Met ingang van 1 juli wijzigt de Arbowet. Eén van deze wijzigingen is de invoering van een aantal minimale eisen waaraan het contract met de arbodienst/bedrijfsarts moet voldoen. Voor lopende contracten geldt een overgangstermijn van 1 jaar. Contracten die op of na 1 juli 2017 met de arbodienst/bedrijfsarts worden gesloten moeten direct voldoen aan de nieuwe wettelijke vereisten.
In het nieuwe basiscontract dient in ieder geval opgenomen te worden:
- Dat de bedrijfsarts toegang tot elke werkplek heeft;
- Op welke manier de arbodienst/bedrijfsarts zijn wettelijke taken kan uitvoeren;
- Hoe de toegang tot de bedrijfsarts, de preventiemedewerker en OR is geregeld;
- Hoe medewerkers gebruik kunnen maken van het recht op second opinion;
- Hoe de klachtenprocedures werken;
- Hoe de bedrijfsarts omgaat met de meldingsplicht voor beroepsziekten.
In de nieuwe Arbowet krijgen werkgevers meer verplichtingen en werknemers meer rechten. Zo krijgen werkenden het recht om uit eigen beweging langs een bedrijfsarts te gaan via een arbeidsomstandighedenspreekuur.
Second opinion
Behalve dat elke medewerker direct toegang krijgt tot de bedrijfsarts, heeft de bedrijfsarts de gelegenheid om elke werkplek in het bedrijf te bezoeken. Daarnaast kunnen medewerkers bij twijfel over de juistheid van het advies van de bedrijfsarts een second opinion aanvragen bij een andere, onafhankelijke, bedrijfsarts.
In de overeenkomst tussen de arbodienst of bedrijfsarts en de werkgever wordt daarom opgenomen dat de werknemer de mogelijkheid heeft om het oordeel van een bedrijfsarts te laten voorzien van een second opinion door een andere bedrijfsarts. De werknemer doet dit verzoek aan de bedrijfsarts en de bedrijfsarts verwijst de werknemer naar een andere bedrijfsarts. Een verzoek tot verwijzing voor een second opinion wordt door de bedrijfsarts in principe altijd gehonoreerd, tenzij er zwaarwegende redenen zijn om dat niet te doen.
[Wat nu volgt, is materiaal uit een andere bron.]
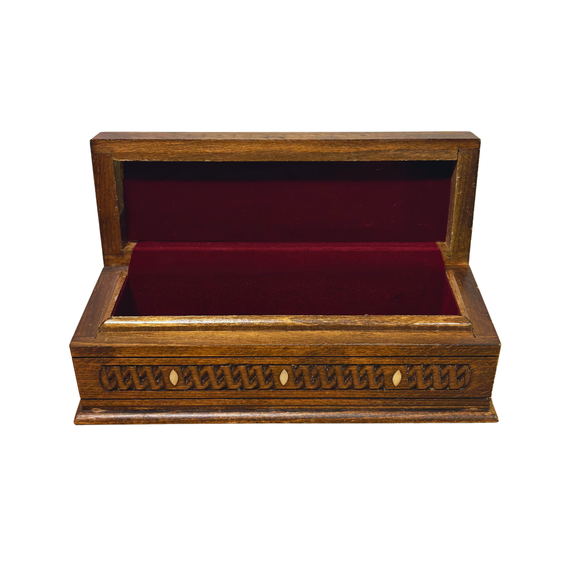 Wykończenie w ciemnym orzechu oraz aksamitne wnętrze czynią ją idealną do przechowywania biżuterii, piór lub różańców.

Bijvoorbeeld omdat er geen enkele grond bestaat voor dit verzoek.
De bedrijfsarts kan een second opinion ook aan de werknemer aanbieden indien de situatie hierom vraagt. Dit kan bijvoorbeeld het geval zijn wanneer de bedrijfsarts niet over de specifieke kennis beschikt die nodig is om een beroepsziekte vast te stellen. Het blijft hierbij aan de werknemer om te bepalen of er een andere bedrijfsarts wordt geraadpleegd.
De kosten voor de second opinion zijn op grond van de Arbeidsomstandighedenwet voor rekening van de werkgever. De second opinion, die wordt uitgevoerd door een andere bedrijfsarts, is niet hetzelfde als het deskundigenoordeel dat het UWV geeft op verzoek van werknemer of werkgever. Deze mogelijkheid blijft bestaan.
Ondernemingsraad
Let op dat de ondernemingsraad (OR) een instemmingsrecht heeft ten aanzien van het contract met de arbodienst/ bedrijfsarts en op deze manier invloed kan uitoefenen op de keuze van de arbodienst/bedrijfsarts.